Traditionally, methods like ELISA (Enzyme-Linked Immunosorbent Assay) or Western Blot are in use for a single-analyte, or analysis of a single intracellular or extracellular protein at a time. These are also called singleplex protein detection methods. Both these methods are costly, time-consuming, and sample-depleting when one wishes to measure multiple markers in each sample.
An alternative to these laborious techniques is Luminex xMAP (Multi-Analyte Profiling) technology. It enables scientists to measure large numbers of proteins present in the given sample within a single reaction. It is also known as Multiplexing. It is a type of solid-phase Immunoassays, where the result analysis is carried out by the Luminex 100/200™ instrument.
Principle of Luminex multiplex assays
Luminex Assay make use of different colored beads of superparamagnet, which are having a coating of antibodies specific to the analyte under study. These beads are added to and incubated with the sample. If the analyte has the molecules specific for the antibodies on the beads, they will get captured by these beads. The detection of these conjugates needs a unique instrument.
How Luminex Multiplex technology works?
Luminex technology is a combination of advanced fluidics, digital signal processing, and optics. xMAP technology has a flexible design, which helps in performing a variety of bioassays accurately, cost-effectively, and quickly.
Mechanism of Luminex Multiplex assay
- xMAP technology makes use of microspheres or beads made up of superparamagnet having 6.5-micron size.
- The core of the sphere has a magnet, and the surface is of polystyrene.

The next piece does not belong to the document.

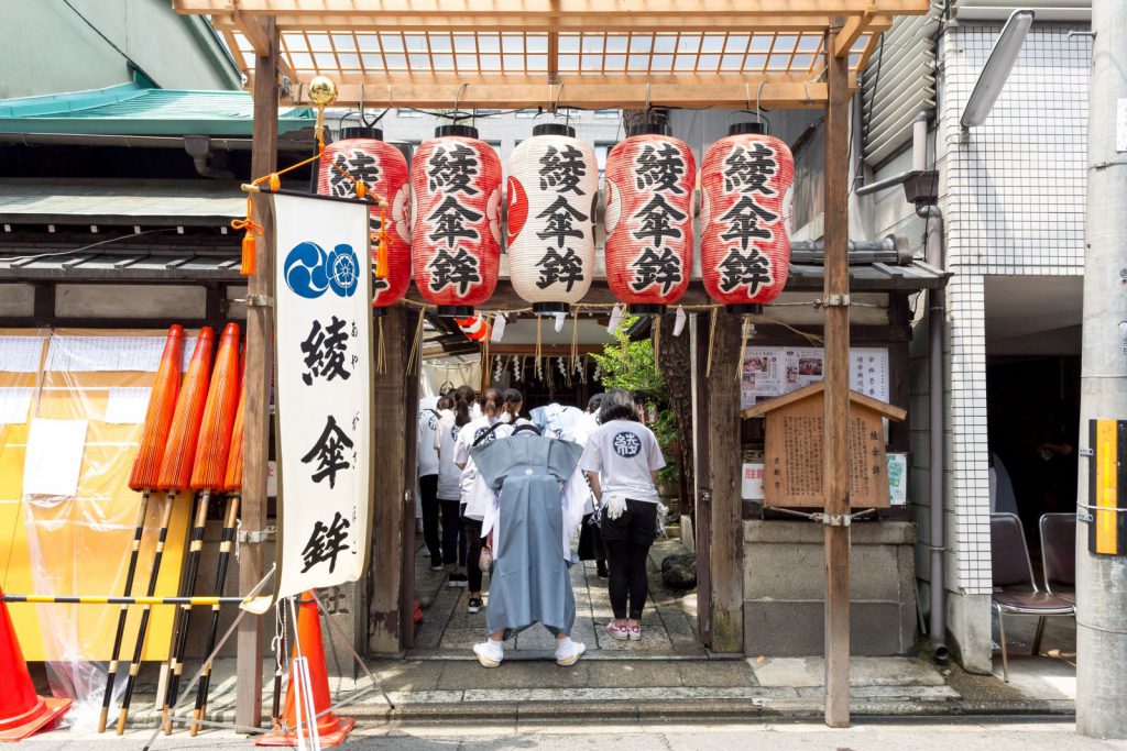 7月1日の吉符入からすでに祇園祭の諸行事は始まっています。2日の籤とり式も済み、綾傘鉾は傘一番を引き、全体で7番目の巡行順が決まりました。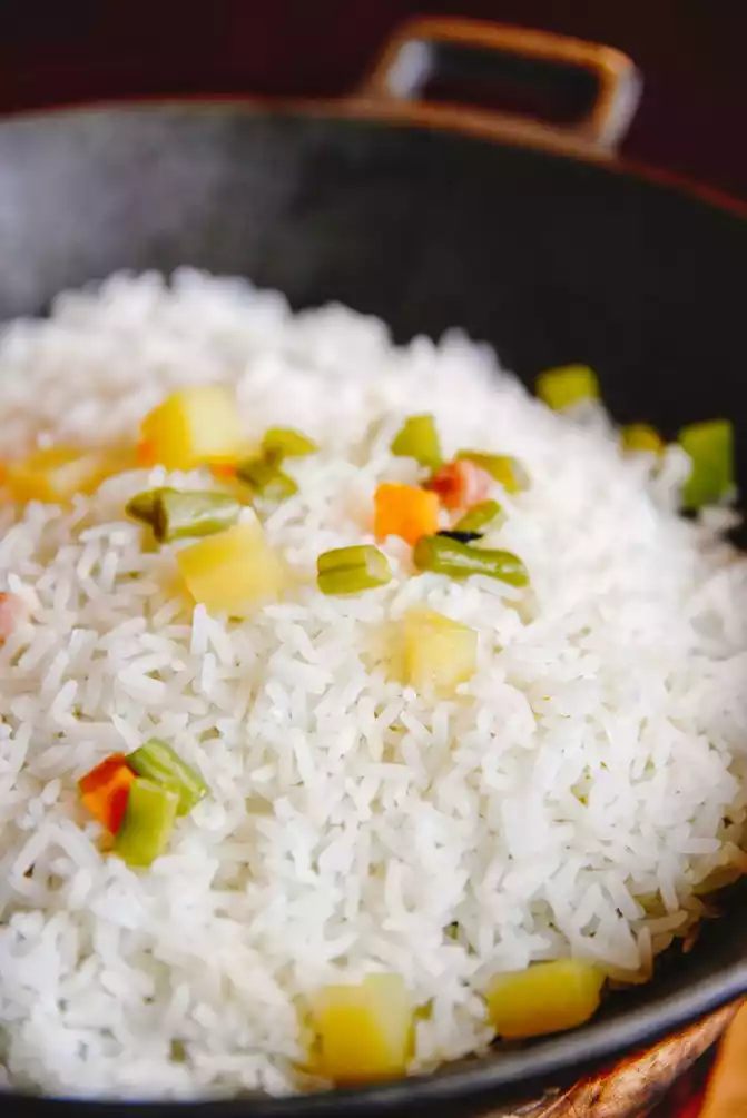 Kong dry rice: Kong dry rice is my favorite texture, bacon, pumpkin and potatoes and other vegetables are added when steamed, the taste is really good, fragrant~!

- Red and infrared fluorophore or dyes are present in each bead in different proportions.
- These differing proportions of the fluorophores result in the generation of 100 unique spectral peaks, each representing an individual microsphere.
- These spectra are then recognized and identified by the detection system of Luminex xMAP.
- It allows the qualitative and quantitative analysis of multiple analytes using a single well.
The procedural guidelines
- Take a filter bottom microplate with 96 or more wells.
- Mix beads having varying proportions of a fluorophore and different analyte-specific antibodies with the analyte in the well.
- There will be a separate well for Standard, sample, and control analyte concentrations.
- Allow the mixture in the wells to incubate.
- Initially, the analytes bind to the antibodies on the beads.
- Wash the wells to removes unbound beads.
- Now is the time for the addition of detector antibodies, which are analyte-specific and having some tagging and incubation.
- The detector antibodies bind to the epitopes of the appropriate analytes, which in turn is present on the beads.
- After washing, add streptavidin and R-Phycoerythrin (Streptavidin-RPE) conjugate to the system and incubate.
- Here, the biotinylated detector antibodies in association with the analytes on the beads form a four-member sandwich.
- After washing, the beads are subject to the Luminex 100/200™ instrument for analysis.
- You can find The concentration of the analytes by monitoring the level of R-Phycoerythrin (RPE) fluorescence and the spectral properties of the beads.
Luminex Multiplex is a solid-phase immunological assay that makes the simultaneous detection of multiple proteins in a sample quick and efficient.